Taurine-stimulated outgrowth from the retina is impaired by protein kinase C activators and phosphatase inhibitors

Taurine increases neurite elongation of post-crush goldfish retinal explants, as well as the number of outgrowing isolated cells from goldfish and rat retina in culture. The trophic effect of taurine is related to an elevation in calcium flux rather than increased cell proliferation. Since taurine regulates phosphorylation in rat retina, we investigated if this process could be involved in the mechanism of taurine action on outgrowth. Control and taurine-supplemented post-crush goldfish retinal explants were cultured in the presence of protein kinase C activators or phosphatase inhibitors, and the length of neurites was measured after five days in culture. In some cases, there was an inhibition of the stimulatory effect of taurine without a modification in basal outgrowth. In others, outgrowth of control explants was also reduced. A certain level of protein phosphorylation seems to be critical for the trophic effect of taurine in the retina.

Plasma concentration of taurine is higher in malnourished than control children: differences between kwashiorkor and marasmus

Plasma free amino acids were determined in the plasma of severely malnourished children under two years of age.

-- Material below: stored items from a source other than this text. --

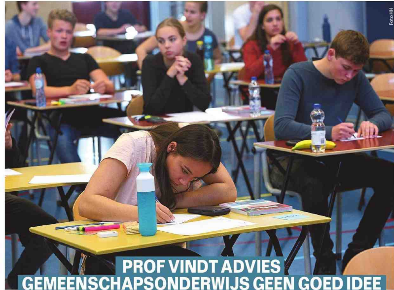
PROF VINDT ADVIES GEMEENSCHAPSONDERWIJS GEEN GOED IDEE

De Belgische kinderartsen benadrukken dat kinderen veilig terug naar school kunnen. Dat stellen ze gezamenlijk na berichten over verschillende gevallen van de Kawasaki-ziekte bij jonge kinderen. Dat is een ziekte waarbij kinderen koorts kunnen ontwikkelen, rode uitslag krijgen, braken en misselijk worden. In ons land zijn er zo een aantal gevallen vastgesteld, net zoals in Frankrijk en Groot-Brittannië. Volgens de kinderartsen is het nog onduidelijk of er een verband is met Covid-19, waarover de huidige wetenschappelijke informatie overigens geruststellend is: slechts weinig kinderen worden er ziek van. «Indien uw kind hoge koorts heeft, of uit slap is, of u om een andere reden ongerust bent, dient u – net zoals anders – contact op te nemen met uw arts», raden ze nog aan.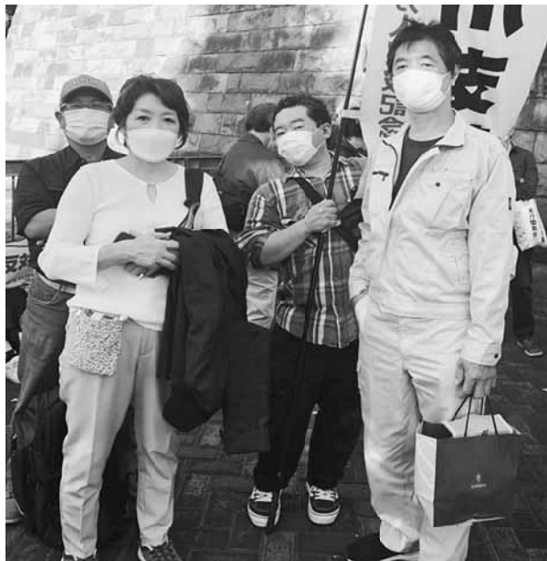
支部から参加した皆さん

集会は始めに主催者のあいさつがあり、その後各自のスピーチへと移りました。フォーラム平和・人権・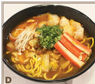
D Tom Yum Gong Thaïlandais + Filet de Poisson & Imitation de Crabe + Nouilles de Riz 泰式冬蔸功湯 + 鮮魚片、蟹柳 + 粗米線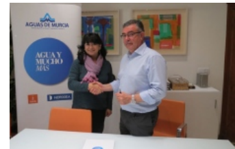
Emuasa firma un convenio de colaboración con Internón Oxfam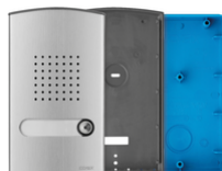
40141 - Placca audio monofamiliare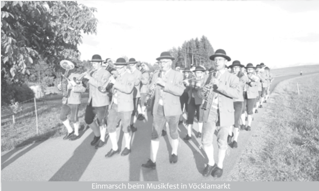
Einmarsch beim Musikfest in Vöcklamarkt

So ist es auch unsere Aufgabe, die Tradition der Musik in Bewegung zum Vergnügen des Publikums weiterzuführen. Musik in Bewegung – dieser Begriff hat sich in den letzten Jahren gegenüber dem der Marschmusik durchgesetzt. Wir wollen damit zeigen, dass Musik im Gleichschritt mehr sein kann als bloßer Rhythmus für diverse Umzüge. Aufwändige Showeinlagen, komplizierte Figuren oder auch nur die koordinierten Bewegungen der Musiker zu ihrer eigenen Musik erfordern ein gewisses Maß an Übung und Training. Vom Einstudieren des musikalischen Teils über die richtige Instrumentenhaltung und die Bedeutung der Kommandos und Zeichen des Stabführers.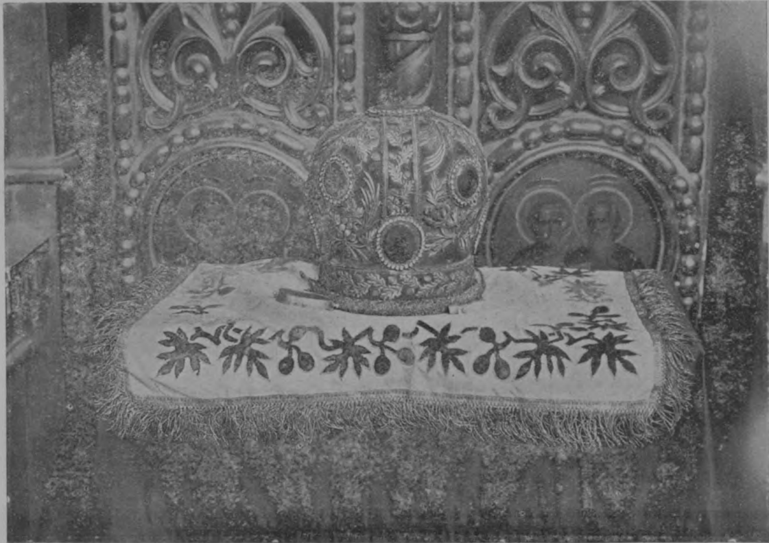
№ 4. Митра.

Митра Святителя Іоасафа. Высота пять вершковъ. Диаметръ основанія—четыре вершка. Цвѣтъ бархатнаго фона— красно-голубой съ зеленымъ оттѣнкомъ . На митрѣ имѣются священныя изображенія, исполненныя масляными красками на холстѣ. Въ центрѣ верха митры—изображеніе Господа Саваоа на облакахъ. Нимбъ треугольный. Правая рука благословляющая. Лѣвая покоится на шарѣ—символъ вседержительства. На концахъ, крестообразно идущихъ чрезъ митру бархатныхъ затканыхъ золотомъ поясовъ, находятся изображенія: Спасителя (на переднемъ концѣ пояса), Богоматери (на лѣвомъ концѣ пояса) и Іоанна Крестителя (на правомъ концѣ пояса). Въ общей сложности изображенія Спасителя, Богоматери и Іоанна Крестителя, находящіяся на митрѣ Святителя Іоасафа, образуютъ иконографическую композицію, известную, подъ именемъ „Деисисъ“ (моленіе). На лицевой сторонѣ митры, выше изображеній Богоматери и Іоанна Крестителя, находятся изображенія двухъ евангелистовъ. Кромѣ двухъ вышеупомянутыхъ поясовъ (одного цвѣта съ фономъ), на митрѣ имѣется третій поясъ, идущій вѣнцомъ внизу надъ основаніемъ митры. Митра заткана золотымъ шитьемъ. На поясахъ вышиты дубовыя листья и цвѣты. Между изображеніями евангелистовъ—колосья. Изображенія стила XVIII вѣка.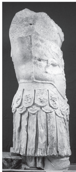
Figura 1. Estatua militar hallada en la basílica de Segobriga. a: frente; b: dorso; c: lateral izquierdo; d: lateral derecho (de Noguera, Abascal, Cebrián 2008).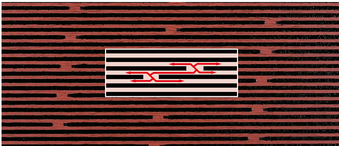
Dauerhafter Dampfdruckausgleich durch unterbrochenes Power-Therm-Profil

Der Nahtstreifen auf der Oberseite der Bahn ist mit dem gleichen verlegefreundlichen Spezialbitumen belegt wie auf der Unterseite. Die Cut-Lines (feine Längsschnitte in der Nahtfolie) verhindern flächige Folienreste im Nahtbereich, die Kapillare bilden könnten. Ein homogener Nahtverbund ist somit sichergestellt.

A total of thirty-one patients and eleven controls were evaluated: seventeen cases of kwashiorkor, eight cases of marasmus, and six cases of marasmic-kwashiorkor. Fasting plasma samples were taken in the morning on the day of admission. Fasting plasma samples were also taken from nine patients at discharge after two months in the hospital where they received a balanced diet as treatment. A partial reversal of the signs of malnutrition was observed at discharge. In the whole group of patients ad admission, lower concentrations of tyrosine, methionine, tryptophan, and leucine and higher concentrations of aspartate, glutamate, and taurine were observed compared to controls. Taurine continued to be elevated in the malnourished group at the time of discharge. Marasmic children, as compared to controls, had high aspartate and low tryptophan levels, but taurine levels were not significantly different from controls. Kwashiorkor patients had low tyrosine, methionine, tryptophan, and lysine, and significantly higher taurine plasma levels. The elevated concentration of taurine might be the result of a redistribution of this amino acid to provide specific tissues with the required amount for development.